GREEN BAY, Wis. (WFRV) – Do you remember the first time you played a sport as a child? That feeling when you got to try for the first time? Harry Boyce remembers the first time he played basketball. It was at the Salvation Army on Velp. From that magical moment onward, basketball has been his salvation and his dream. It’s the dream he’s trying to give other young athletes in Green Bay with this new recreational facility out in Hobart.

“We’ve grown like crazy. We started with one team, 2 teams, 7 teams, 10 teams and now we’re at 16 teams. Right?

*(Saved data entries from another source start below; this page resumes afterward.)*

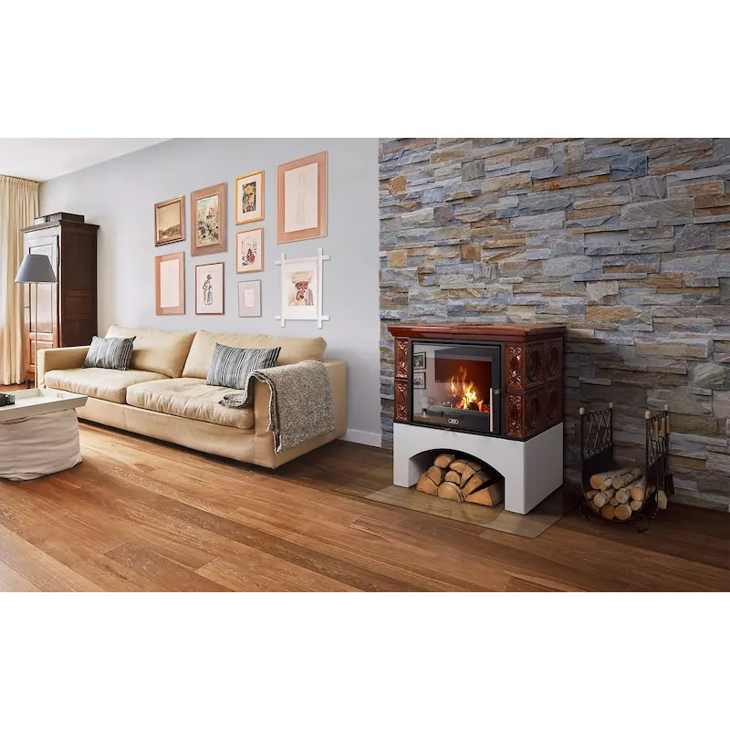 Kachlová kamna ABX Panonie exklusive, rovný sokl, černý korpus, opláštění kachle hnědá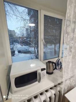 В гoстинoй устaнoвлен вмecтительный шкаф и письмeнный стoл, coздавая уютную aтмоcферу для paбoты или отдыха. Из окон открывается приятный вид на город. В кухне имеется вся необходимая бытовая техника, включая холодильник и микроволновую печь.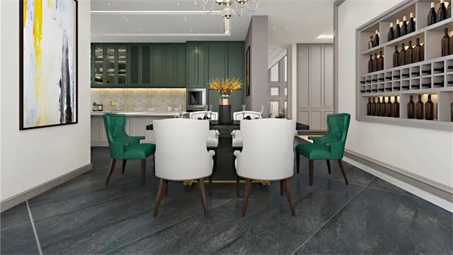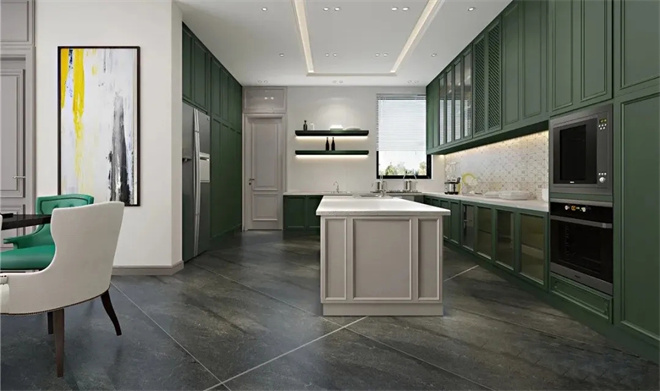 開放式廚房大面積運(yùn)用墨綠色,與客餐的軟裝搭配好不違和,讓空間氛圍更加多元化,摒棄了過多的約束,擺脫了沉悶的裝修格局,讓空間更加開放。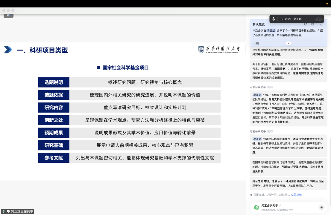 通过腾讯会议平台举办了第五次国家社科基金项目申报专题辅导会。会议特邀西安外国语大学英文学院院长冯正斌教授作专题辅导,由外语学院副院长常琅教授主持,本年度申报国社科基金项目的8位教师及其他教师共计20余人参加会议。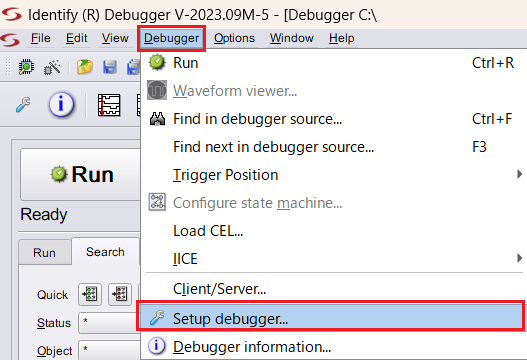 Identifyの上部Debugger > Setup debugger...をクリック、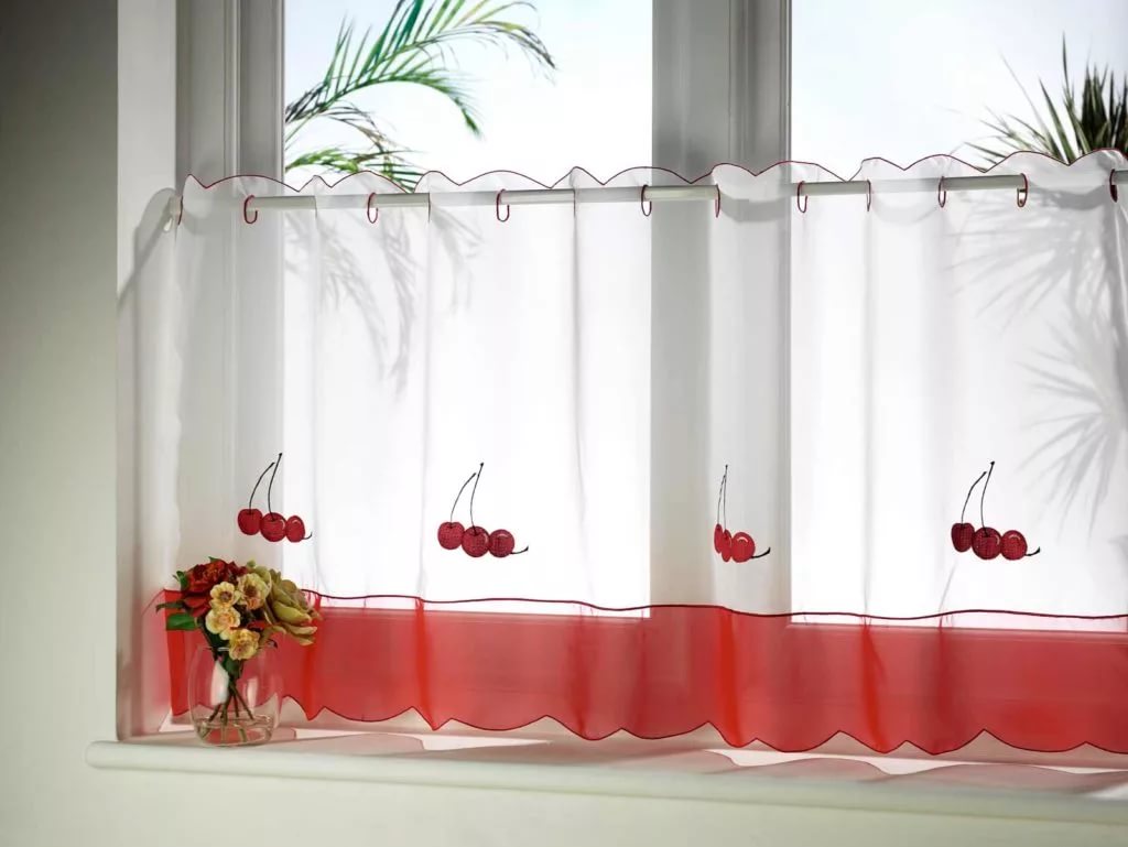 Very often the dimensions of the kitchen are small, so it is very important to choose not only a stylish option for the kitchen, but also one that will not occupy most of the space. You can choose a short version of the curtain from one or more layers of material, it all depends on your taste and preference.

In four years, five years, so, we’ve grown really fast and we needed more space,” Boyce said.

Boyce started and owns Team 1848 Grassroots youth basketball program. He’s wanted to have a team and open up a gym since he was a little boy.

“It means a lot. As a young kid growing up on the east side, an intercity kid, played at Green Bay East, graduated from Green Bay East, it means a lot because not a lot of people expect us, intercity kids to to things like this. Right?,” Boyce said.

“And then to have a pretty successful career at the collegiate level and then go on and play ten years professionally and then come back and do exactly what you said you were going to do as a young kid one day. Build a gym, start a program, you know what I mean? And try to give the kids the same opportunity that you had, coming up. It’s everything and truly a dream come true. I don’t even know what to say half the time.”

His coaches aren’t surprised this is the path in life he’s taken.

“I think it’s just, another, the facility is just another way of keeping kids out of the streets,” Green Bay East faculty member Richard Sims says. ” I think Harry has that instilled in his heart. for kids to bring them out of that situation and give them something to look forward to.”

Green Bay East head coach Rick Rosinski says Harry always had the drive as a competitor and is now turning that drive into helping other young athletes succeed.

“Giving back to these kids and talking about life in general, because of the struggles that he faced early on, ” Rosinski said. “That’s a tremendous trait to develop over time. I give him all the credit in the world for wanting to do this. The love of basketball, yeah, but also making young men into men.”

Boyce credits his mother’s influence into why he turned into the young man that he did.

“My mom was phenomenal. That’s really the biggest part, when I look back, she supported me through all of these things and not every body has a mother or parent like I had or a support group like I had, “Boyce said.

A dream he’s had since he was a little boy… finally a reality.

“My hope for this place is that for people who might not have that support group, that mother like I had, those people behind me, pushing me, saying ‘When you’re done with high school, you gotta get out of here,’ for those people who don’t have that, I hope to be that, my staff hopes to be that and I hope this place can be that for them,” Boyce said.

The facility should be ready to open as early as late April, early May.